• Exercise directions:
Print out the data below in full and exactly, skipping the pictures.

• Material provided:

* * *

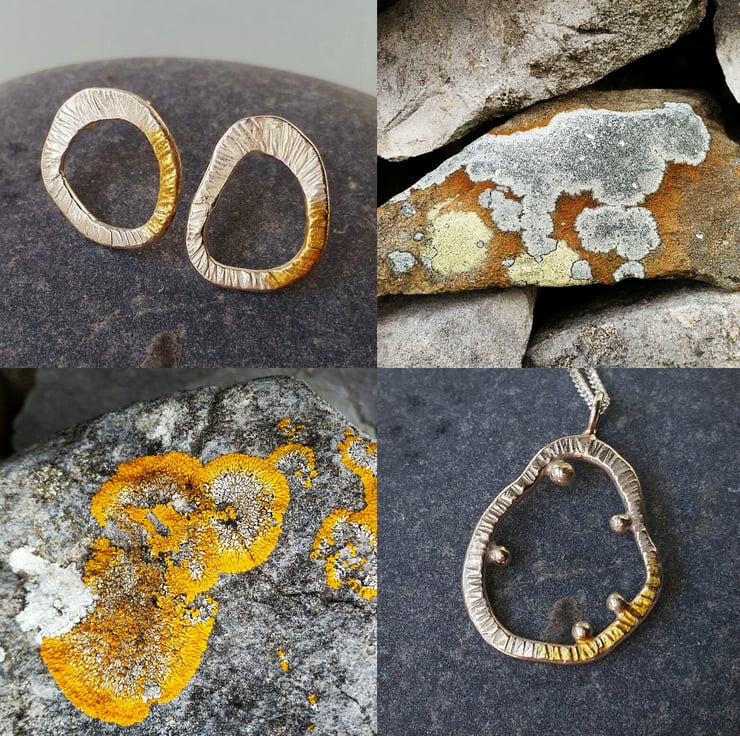 These are a beautiful pair of handmade sterling silver stud earrings that have been inspired by the colour and texture of Lichen.
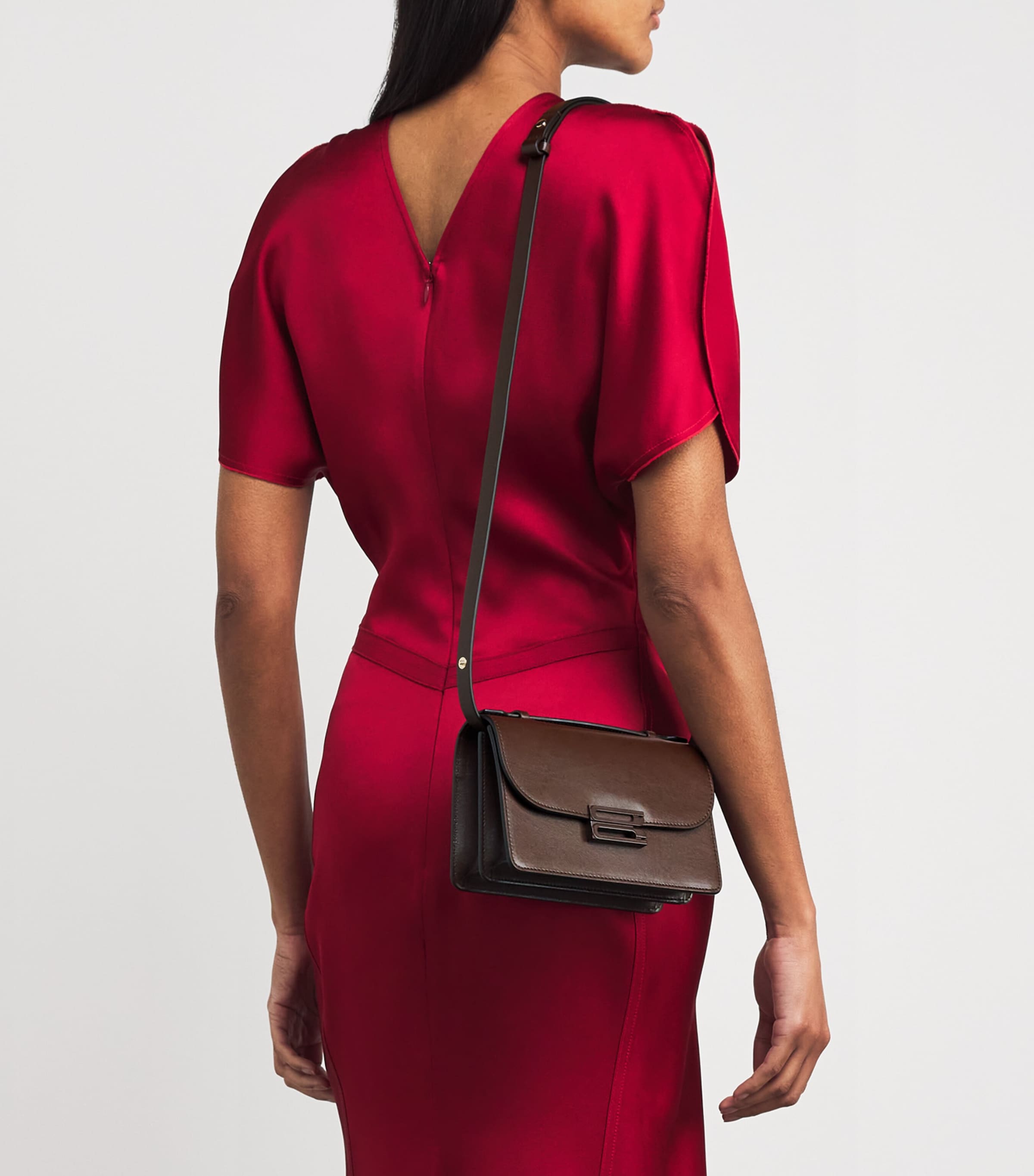 Victoria Beckham Brown Mini Leather Dorian Top-Handle Bag
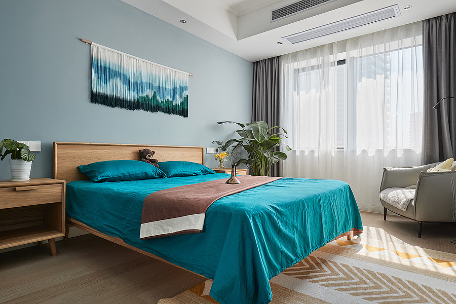 ▲ 主臥,白綠相間成為了將整個空間連接的線索,從原木的床到湖藍色的床品,讓臥室顯得清爽舒適。

* * *

• Response:
 These are a beautiful pair of handmade sterling silver stud earrings that have been inspired by the colour and texture of Lichen.
 Victoria Beckham Brown Mini Leather Dorian Top-Handle Bag
 ▲ 主臥,白綠相間成為了將整個空間連接的線索,從原木的床到湖藍色的床品,讓臥室顯得清爽舒適。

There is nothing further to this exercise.